● **Work to complete**
If a record holds a picture, leave the picture out, but write out everything else exactly.

● **Material provided**
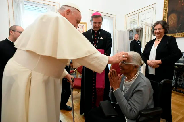 El Papa se reunió con María de la Concepción Brito Mendonça en la Nunciatura antes de partir al Parque del Perdón. Nació el 13 de mayo de 1917.
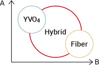 光ファイバーでレーザー光を増幅するファイバーレーザーに対し、YVO4レーザーはYVO4結晶でレーザー光を増幅する固体レーザーです。両者の違いは、ピークパワーとパルス幅にあります。※
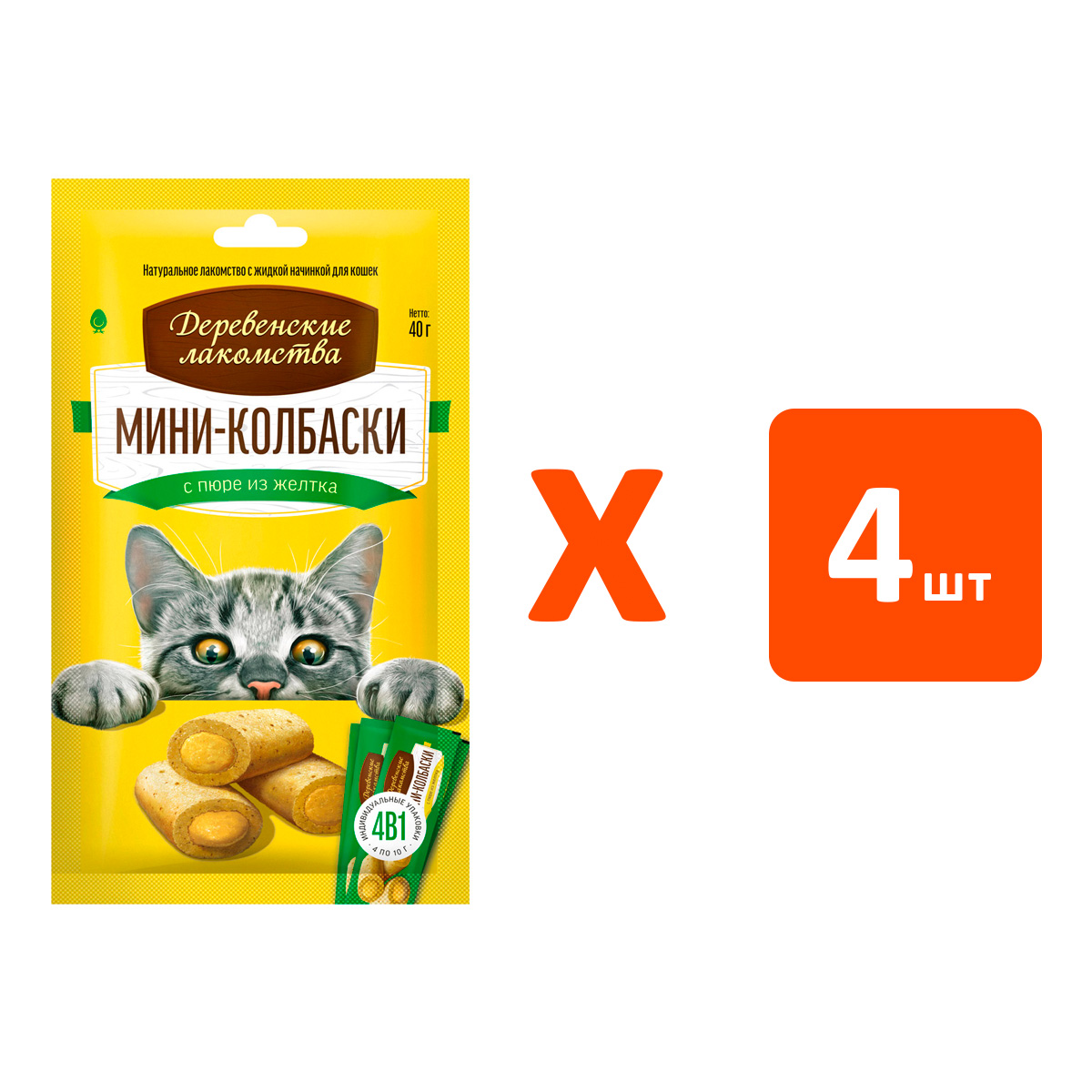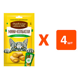 Лакомства для кошек ДЕРЕВЕНСКИЕ мини колбаски с пюре из желтка 4 шт (1 шт х 4)
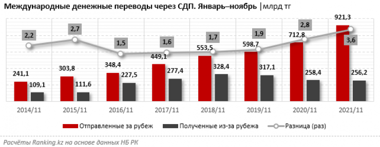 "Объем международных денежных переводов физлиц через системы денежных переводов, отправленных за рубеж с января по ноябрь 2021 года, составил 921,3 миллиарда тенге - на 29,2 процента больше, чем за тот же период в 2020 году", - говорится в сообщении.
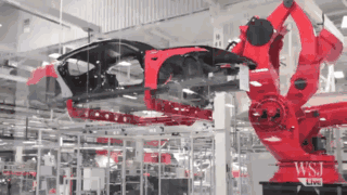 在特斯拉工厂,高柔性的M-2000iA能搬运不同车型的白车身在输送线间流转
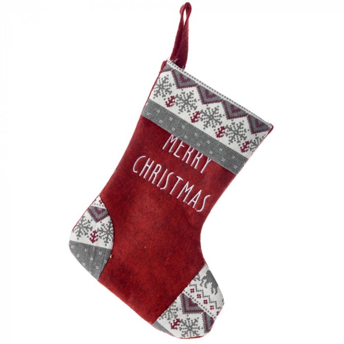 Коледен ботуш от плат, червено и сиво, 15х20 см
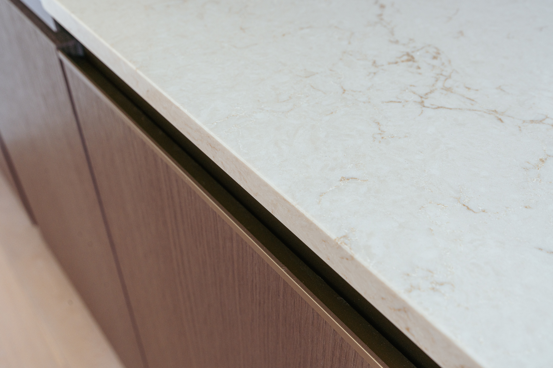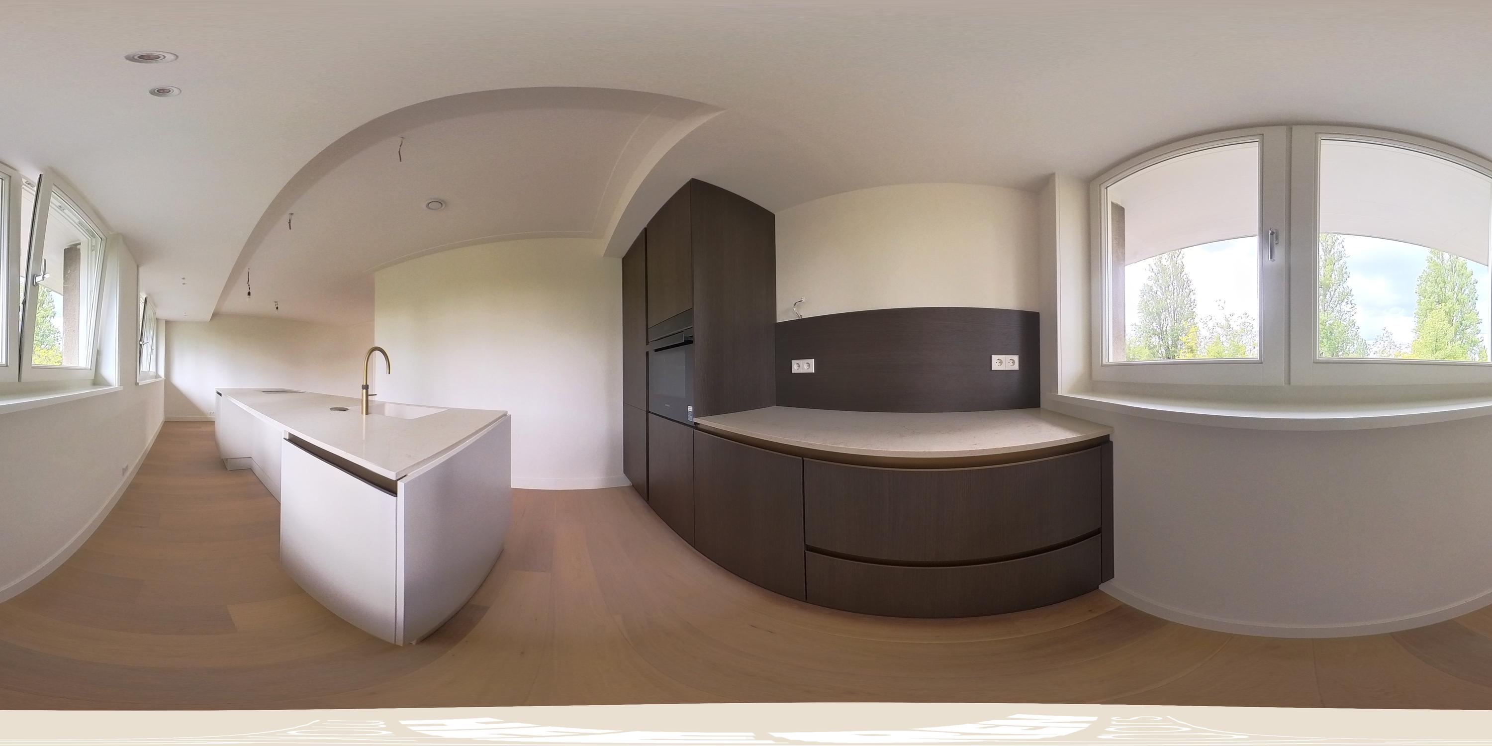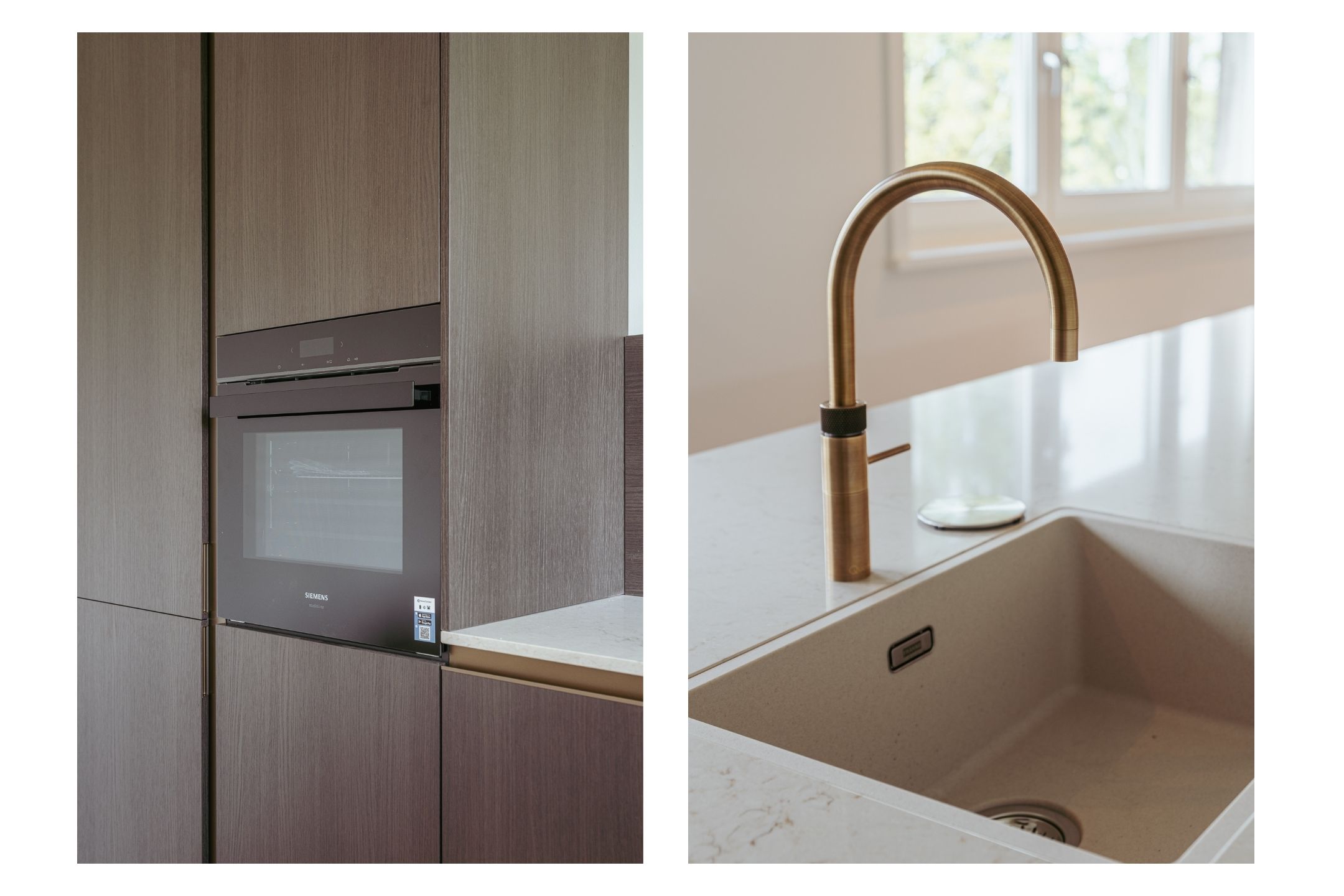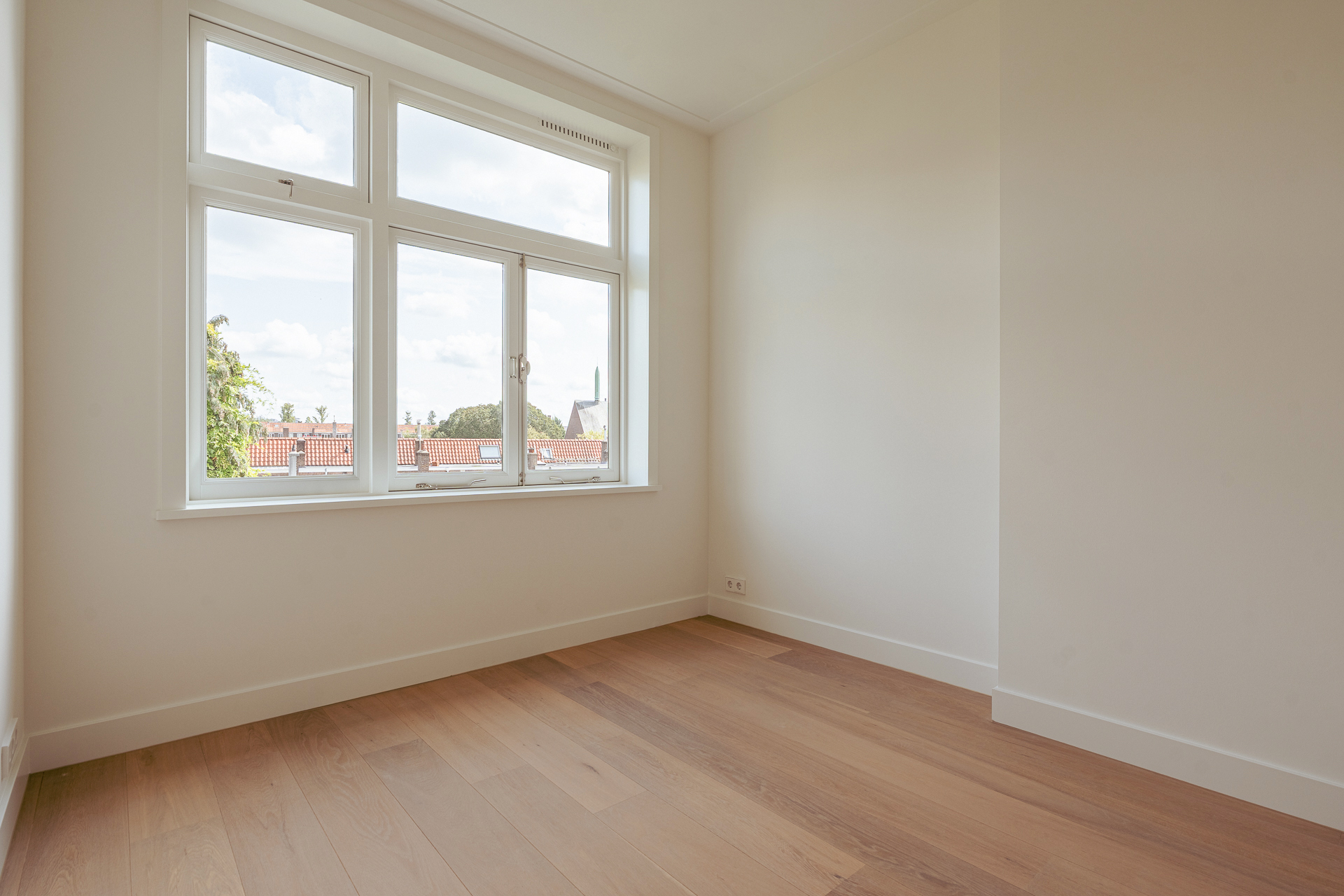 De open keuken is een echte eyecatcher en is voorzien van hoogwaardige inbouwapparatuur: een inductiekookplaat met geïntegreerde afzuiging, vaatwasser, combi-oven en Quooker kraan. De combinatie van strakke, greeploze kasten en warme houtaccenten geeft deze verdieping een moderne, maar sfeervolle uitstraling. Vanuit de woonkamer heeft u toegang tot een zonnig balkon gelegen op het zuidoosten, ideaal voor een kop koffie of een borrel in de middagzon.

● **Result for this exercise**
 El Papa se reunió con María de la Concepción Brito Mendonça en la Nunciatura antes de partir al Parque del Perdón. Nació el 13 de mayo de 1917.
 光ファイバーでレーザー光を増幅するファイバーレーザーに対し、YVO4レーザーはYVO4結晶でレーザー光を増幅する固体レーザーです。両者の違いは、ピークパワーとパルス幅にあります。※
 Лакомства для кошек ДЕРЕВЕНСКИЕ мини колбаски с пюре из желтка 4 шт (1 шт х 4)
 "Объем международных денежных переводов физлиц через системы денежных переводов, отправленных за рубеж с января по ноябрь 2021 года, составил 921,3 миллиарда тенге - на 29,2 процента больше, чем за тот же период в 2020 году", - говорится в сообщении.
 在特斯拉工厂,高柔性的M-2000iA能搬运不同车型的白车身在输送线间流转
 Коледен ботуш от плат, червено и сиво, 15х20 см
 De open keuken is een echte eyecatcher en is voorzien van hoogwaardige inbouwapparatuur: een inductiekookplaat met geïntegreerde afzuiging, vaatwasser, combi-oven en Quooker kraan. De combinatie van strakke, greeploze kasten en warme houtaccenten geeft deze verdieping een moderne, maar sfeervolle uitstraling. Vanuit de woonkamer heeft u toegang tot een zonnig balkon gelegen op het zuidoosten, ideaal voor een kop koffie of een borrel in de middagzon.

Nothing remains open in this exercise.